#### [WORK INSTRUCTIONS]
From the records below, please print only the lines from the one containing "日照 | 積雪 | 降雪 |" through the one containing "ga bisa didebet).", both included. Skip the pictures.

#### [RECORDS FOR THIS TASK]
• • •

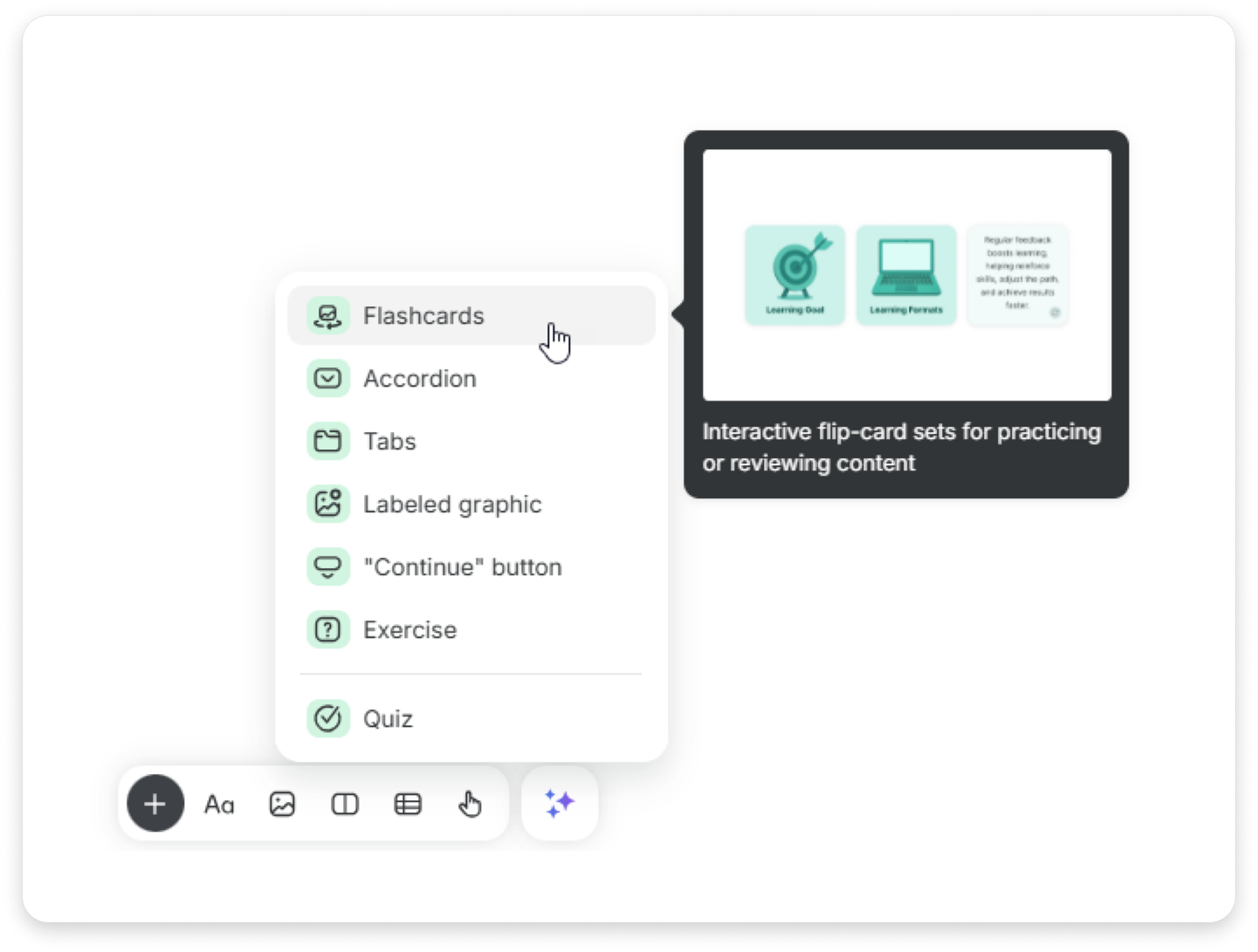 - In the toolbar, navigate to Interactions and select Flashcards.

• • •

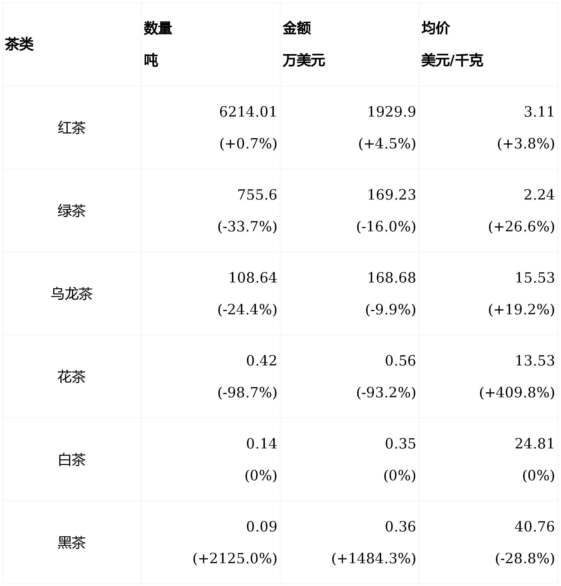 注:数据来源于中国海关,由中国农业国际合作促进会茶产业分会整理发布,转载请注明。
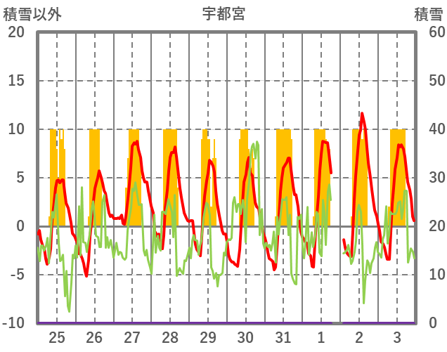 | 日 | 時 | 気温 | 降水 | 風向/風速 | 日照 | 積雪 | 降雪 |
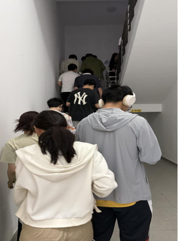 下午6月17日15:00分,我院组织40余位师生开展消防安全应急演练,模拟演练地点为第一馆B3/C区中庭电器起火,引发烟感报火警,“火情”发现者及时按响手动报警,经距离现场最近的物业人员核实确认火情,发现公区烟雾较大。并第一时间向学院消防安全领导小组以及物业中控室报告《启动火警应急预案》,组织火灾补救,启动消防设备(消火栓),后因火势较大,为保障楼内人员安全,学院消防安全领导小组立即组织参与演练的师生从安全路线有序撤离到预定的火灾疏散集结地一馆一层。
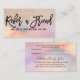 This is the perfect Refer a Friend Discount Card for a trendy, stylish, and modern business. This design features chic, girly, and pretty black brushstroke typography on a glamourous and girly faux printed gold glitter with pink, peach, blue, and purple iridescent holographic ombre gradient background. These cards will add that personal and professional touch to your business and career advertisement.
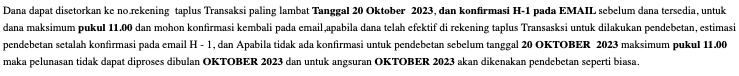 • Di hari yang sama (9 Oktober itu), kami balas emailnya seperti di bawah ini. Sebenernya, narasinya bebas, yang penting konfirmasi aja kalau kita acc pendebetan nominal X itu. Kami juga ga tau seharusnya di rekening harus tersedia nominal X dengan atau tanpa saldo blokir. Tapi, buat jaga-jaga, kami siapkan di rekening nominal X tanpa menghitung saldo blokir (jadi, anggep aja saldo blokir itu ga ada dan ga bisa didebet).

• • •

#### [SOLUTION FOR THIS PROBLEM]
 | 日 | 時 | 気温 | 降水 | 風向/風速 | 日照 | 積雪 | 降雪 |
 下午6月17日15:00分,我院组织40余位师生开展消防安全应急演练,模拟演练地点为第一馆B3/C区中庭电器起火,引发烟感报火警,“火情”发现者及时按响手动报警,经距离现场最近的物业人员核实确认火情,发现公区烟雾较大。并第一时间向学院消防安全领导小组以及物业中控室报告《启动火警应急预案》,组织火灾补救,启动消防设备(消火栓),后因火势较大,为保障楼内人员安全,学院消防安全领导小组立即组织参与演练的师生从安全路线有序撤离到预定的火灾疏散集结地一馆一层。
 This is the perfect Refer a Friend Discount Card for a trendy, stylish, and modern business. This design features chic, girly, and pretty black brushstroke typography on a glamourous and girly faux printed gold glitter with pink, peach, blue, and purple iridescent holographic ombre gradient background. These cards will add that personal and professional touch to your business and career advertisement.
 • Di hari yang sama (9 Oktober itu), kami balas emailnya seperti di bawah ini. Sebenernya, narasinya bebas, yang penting konfirmasi aja kalau kita acc pendebetan nominal X itu. Kami juga ga tau seharusnya di rekening harus tersedia nominal X dengan atau tanpa saldo blokir. Tapi, buat jaga-jaga, kami siapkan di rekening nominal X tanpa menghitung saldo blokir (jadi, anggep aja saldo blokir itu ga ada dan ga bisa didebet).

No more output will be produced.